Problem details: Using the data below, set down every line from the one containing "Surface d'environ 130" through the one containing "2月11日,广西钦州东站乘客接受红外热成像测温仪检测体温。", inclusive and unchanged. Pictures are to be skipped.

Supplied material Start Marker

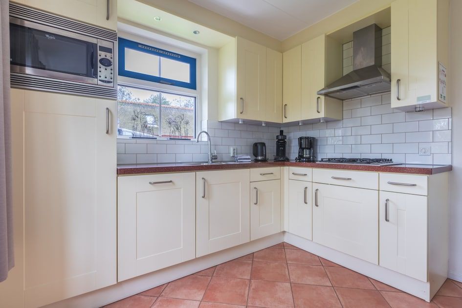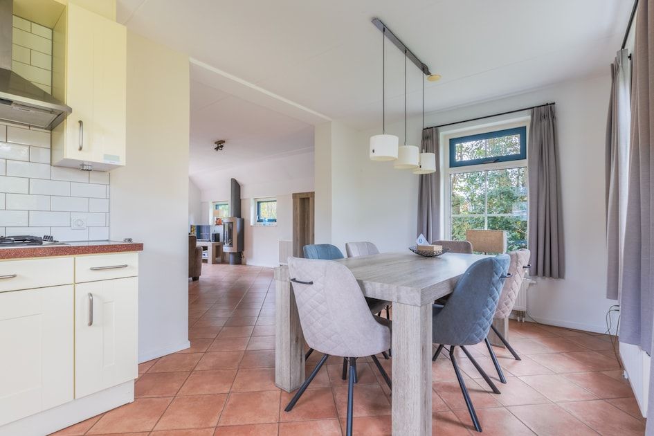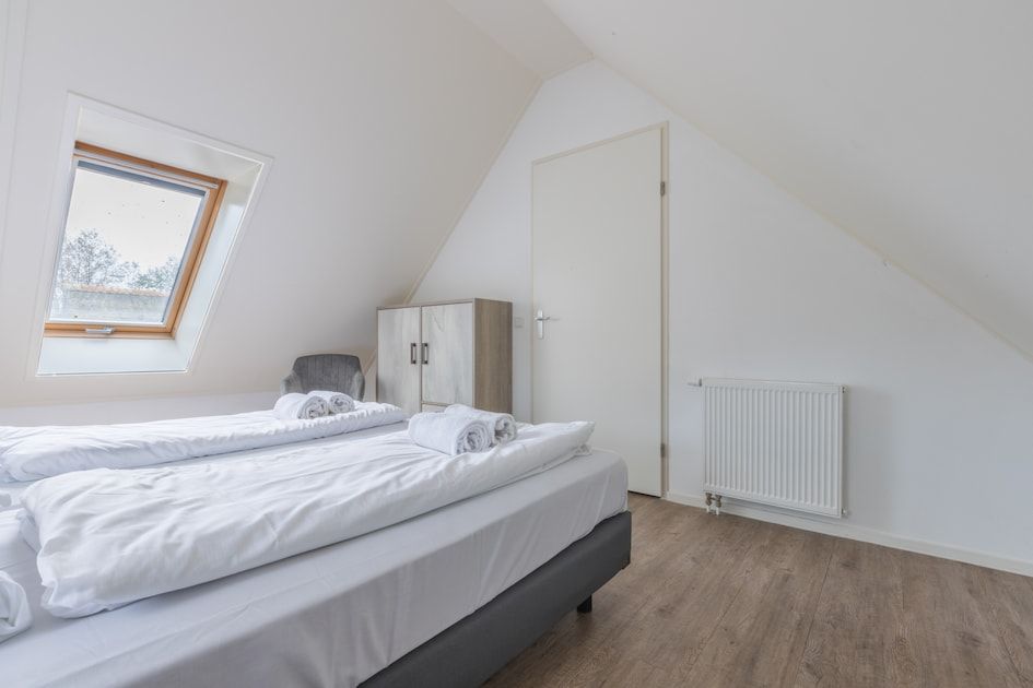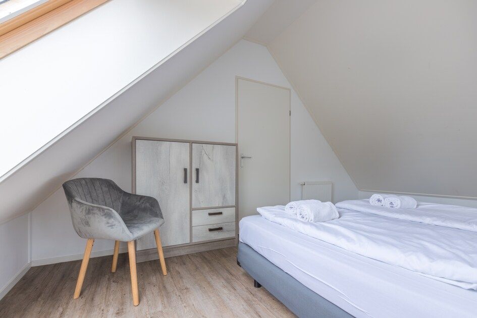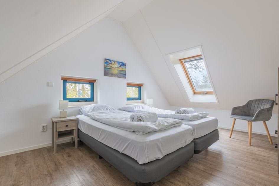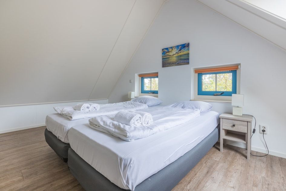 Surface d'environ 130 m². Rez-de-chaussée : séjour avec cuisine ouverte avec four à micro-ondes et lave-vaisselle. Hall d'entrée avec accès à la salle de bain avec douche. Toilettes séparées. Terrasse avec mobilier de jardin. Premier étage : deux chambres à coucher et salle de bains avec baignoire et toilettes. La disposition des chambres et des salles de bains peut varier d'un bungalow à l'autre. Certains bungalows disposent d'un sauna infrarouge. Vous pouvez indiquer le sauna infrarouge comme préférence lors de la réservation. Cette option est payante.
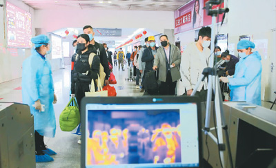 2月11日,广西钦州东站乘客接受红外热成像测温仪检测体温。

Supplied material End Marker
Supplied material Start Marker

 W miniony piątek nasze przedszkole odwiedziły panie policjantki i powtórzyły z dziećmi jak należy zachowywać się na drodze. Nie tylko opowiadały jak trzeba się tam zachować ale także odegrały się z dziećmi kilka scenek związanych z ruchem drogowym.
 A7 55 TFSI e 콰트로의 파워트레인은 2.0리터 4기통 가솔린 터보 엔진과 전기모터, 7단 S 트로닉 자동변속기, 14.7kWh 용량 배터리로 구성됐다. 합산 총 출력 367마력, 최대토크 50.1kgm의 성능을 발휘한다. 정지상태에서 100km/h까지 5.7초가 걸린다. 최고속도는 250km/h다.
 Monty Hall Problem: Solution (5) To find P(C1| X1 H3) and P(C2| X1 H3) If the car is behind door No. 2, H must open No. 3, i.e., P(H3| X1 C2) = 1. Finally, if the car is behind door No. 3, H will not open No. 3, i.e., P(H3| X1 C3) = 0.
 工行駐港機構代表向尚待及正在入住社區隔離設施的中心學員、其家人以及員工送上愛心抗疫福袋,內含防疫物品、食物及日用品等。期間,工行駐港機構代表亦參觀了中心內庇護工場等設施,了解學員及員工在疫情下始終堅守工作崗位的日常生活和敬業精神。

Supplied material End Marker

Solution to the exercise:
 Surface d'environ 130 m². Rez-de-chaussée : séjour avec cuisine ouverte avec four à micro-ondes et lave-vaisselle. Hall d'entrée avec accès à la salle de bain avec douche. Toilettes séparées. Terrasse avec mobilier de jardin. Premier étage : deux chambres à coucher et salle de bains avec baignoire et toilettes. La disposition des chambres et des salles de bains peut varier d'un bungalow à l'autre. Certains bungalows disposent d'un sauna infrarouge. Vous pouvez indiquer le sauna infrarouge comme préférence lors de la réservation. Cette option est payante.
 2月11日,广西钦州东站乘客接受红外热成像测温仪检测体温。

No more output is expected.